18. The method according to claim 16, wherein the contacting comprises combining the PDE4 polypeptide and the candidate agent in a cell-based PDE4 activity assay.

19. The method according to any one of claims 16 to 18, wherein the PDE4 activity assay further comprises contacting the PDE4 polypeptide with a positive control agent known to inhibit PDE4 activity.

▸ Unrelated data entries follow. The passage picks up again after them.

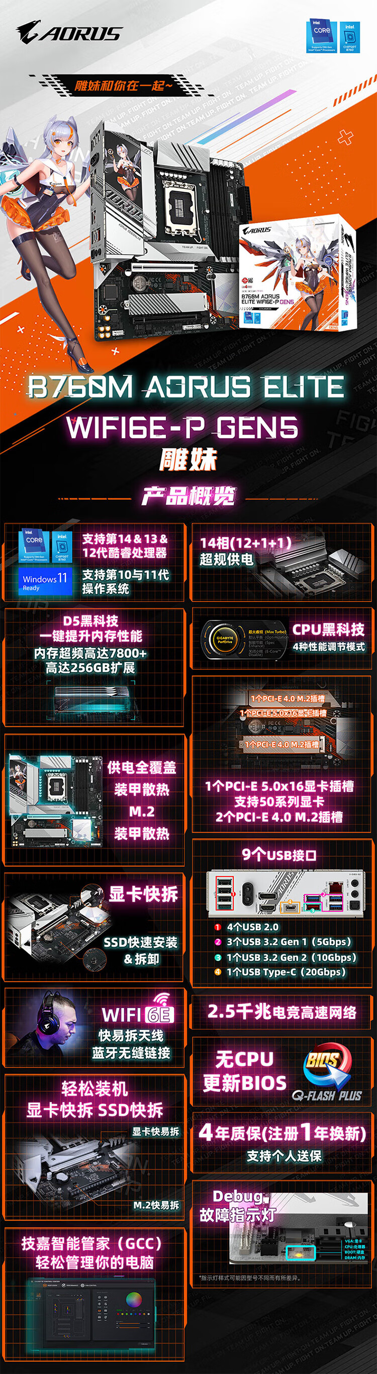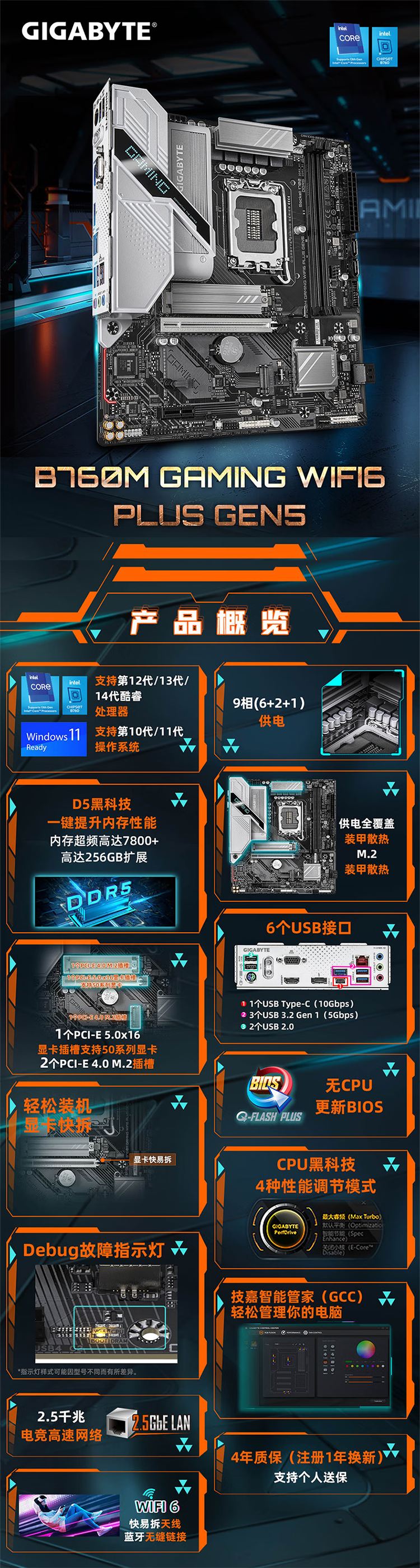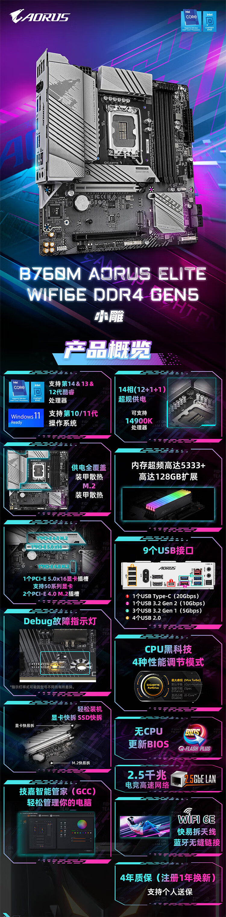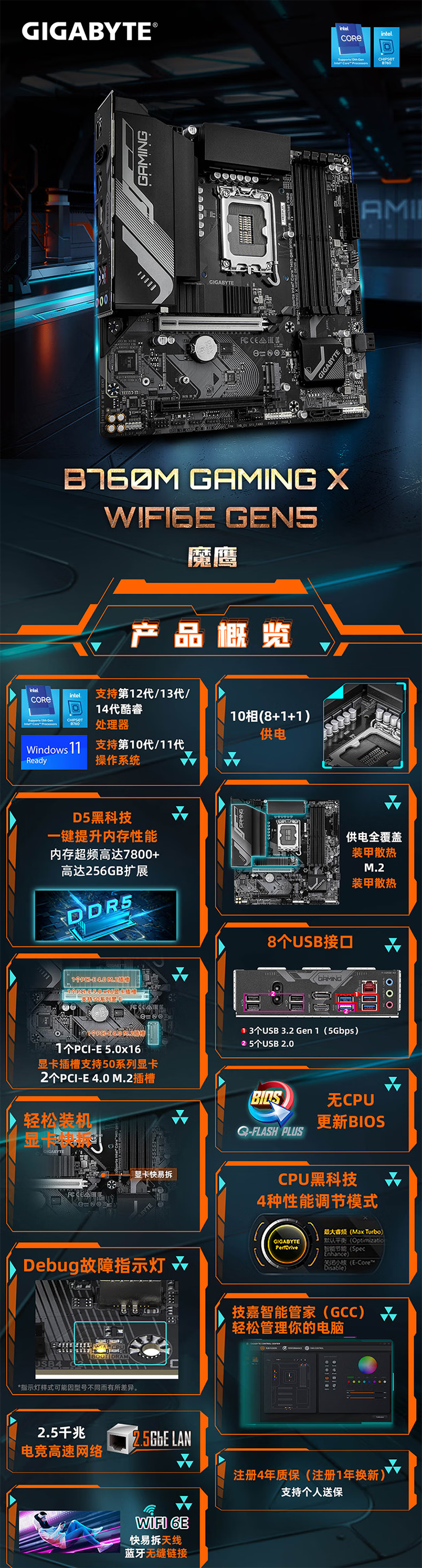 技嘉英特尔i5 12490F/12600KF/13400F/13490F+B760主板CPU套装 板u套装 主板套装 B760M GAMING AC D4魔鹰wifi 13490F (10核16线程)无核显无散热器
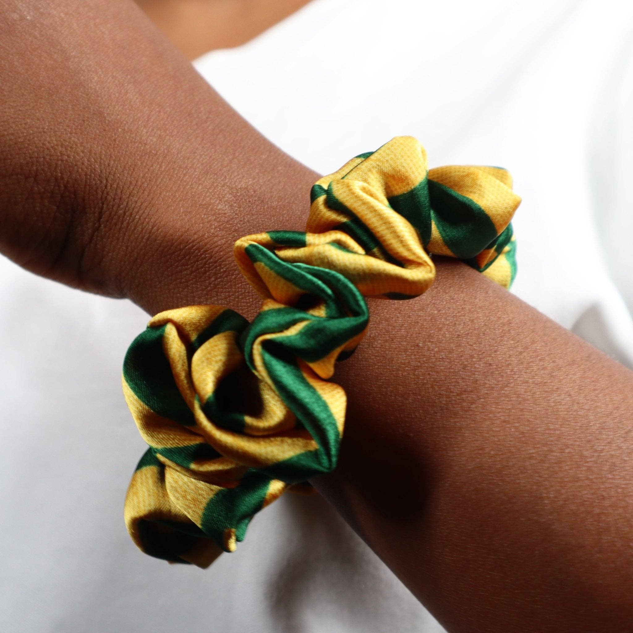 The Obi headband in wax with a black satin interior, to tie in one minute. Obi means: heart (Ibo-Nigeria). The satin helps retain hair moisture, prevents frizz, regulates sebum, and limits split ends. It is adjustable for all head sizes. The attachment is easy and headache-free thanks to wires inserted inside. Have fun tying it as you wish! Tutorials are here. Product details: • Colors: blue, green, black, yellow • One size • Composition: 100% cotton fabric (wax) and 100% polyester lining (satin) • Handmade and made in France.
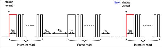 除上述特點(diǎn)以外,M8601還具備獨(dú)特的防誤報(bào)功能。當(dāng)M8601配置在人體運(yùn)動(dòng)檢測(cè)工作模式條件下,一旦芯片檢測(cè)到人體移動(dòng)信號(hào)并且通過(guò)INT/DOCI接口發(fā)出Motion中斷,外部單片機(jī)識(shí)別到中斷信號(hào)之后無(wú)需重新配置,可以通過(guò)INT/DOCI接口立刻進(jìn)行數(shù)據(jù)采集得到原始PIR信號(hào)。然后,單片機(jī)再按照預(yù)先設(shè)定的算法,對(duì)INT/DOCI接口采集到的PIR原始數(shù)據(jù)以及之前收到的Motion中斷信號(hào)進(jìn)行邏輯運(yùn)算,可以進(jìn)一步判斷是否為真實(shí)的人體運(yùn)動(dòng)信號(hào)還是誤報(bào)。芯片的這一功能在很多需要防誤報(bào)的應(yīng)用場(chǎng)景中非常重要,如監(jiān)控?cái)z像機(jī)、高端遠(yuǎn)程監(jiān)控報(bào)警器、紅外攝像機(jī)等等。詳細(xì)工作的時(shí)序圖如下圖2。

20. The method according to claim 19, wherein the positive control agent is selected from the group consisting of: AN2728, drotaverine, ibudilast, irsogladine, piclamilast, roflumilast, rolipram, theophylline, apremilast, and any combination thereof.

21 . The method according to any one of claims 16 to 20, wherein the candidate agent is a small molecule.

22. The method according to any one of claims 16 to 21 , wherein the PDE4 polypeptide is PDE4A, PDE4B, PDE4C, or PDE4D.

23. The method according to claim 22, wherein the PDE4 polypeptide is PDE4B.

24. The method according to any one of claims 16 to 23, further comprising, when the candidate agent is determined to inhibit activity of the PED4 polypeptide, determining whether the candidate agent exhibits selective inhibition among PDE4A, PDE4B, PDE4C, and PDE4D.

25. A pharmaceutical composition comprising an anti-epileptic agent identified by the method according to any one of claims 16 to 24.

26. A method comprising administering to an individual having epilepsy a

therapeutically effective amount of anti-epileptic agent identified by the method according to any one of claims 16 to 24.